Pregnancy and Lactation

• Placental transfer of ganciclovir has been shown to occur based on ex vivo experiments with human placenta and in at least 1 case report in a pregnant woman; however, no adequate human data are available to establish whether ganciclovir poses a risk to pregnancy outcomes
• In animal studies, ganciclovir caused maternal and fetal toxicity and embryo-fetal mortality in pregnant mice and rabbits as well as teratogenicity in rabbits at exposures 2 times the exposure at the recommended human dose (RHD)
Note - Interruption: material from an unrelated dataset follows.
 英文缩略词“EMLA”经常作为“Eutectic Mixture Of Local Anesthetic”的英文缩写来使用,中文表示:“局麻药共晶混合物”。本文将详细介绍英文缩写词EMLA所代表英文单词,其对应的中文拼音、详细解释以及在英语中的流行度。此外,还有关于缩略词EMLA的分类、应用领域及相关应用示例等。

• Disease-associated maternal and/or embryo-fetal risk
  • Most maternal CMV infections are asymptomatic or they may be associated with a self-limited mononucleosis-like syndrome; however, in immunocompromised patients, CMV infections may be symptomatic and may result in significant maternal morbidity and mortality
  • CMV fetal transmission results from maternal viremia and transplacental infection
  • Perinatal infection can also occur from exposure of the neonate to CMV shedding in the genital tract ~10% of children with congenital CMV infection are symptomatic at birth
  • Mortality in symptomatic infants is ~10% and ~50-90% of symptomatic surviving newborns experience significant morbidity, including mental retardation, sensorineural hearing loss, microcephaly, seizures, and other medical problems
  • Risk of congenital CMV infection resulting from primary maternal CMV infection may be higher and of greater severity than that resulting from maternal reactivation of CMV infection
• Contraception
  • Test for pregnancy in females of reproductive potential before initiating treatment
  • Females: Because of ganciclovir’s mutagenic and teratogenic potential, use effective contraception during treatment and for at least 30 days following treatment
  • Males: Because of ganciclovir’s mutagenic and teratogenic potential, use barrier contraception during treatment and for at least 90 days following treatment
• Infertility
  • Based on animal data and limited human data, may cause temporary or permanent inhibition of spermatogenesis in males, and may cause suppression of fertility in females at recommended human dose (RHD); advise patients that fertility may be impaired with use
• Lactation
  • No data are available regarding the presence of ganciclovir in human milk, the effects on the breastfed infant, or the effects on milk production
  • Ganciclovir was present in milk in lactating rats following administration
  • Breastfeeding is not recommended during treatment owing to the potential for serious adverse reactions in nursing infants.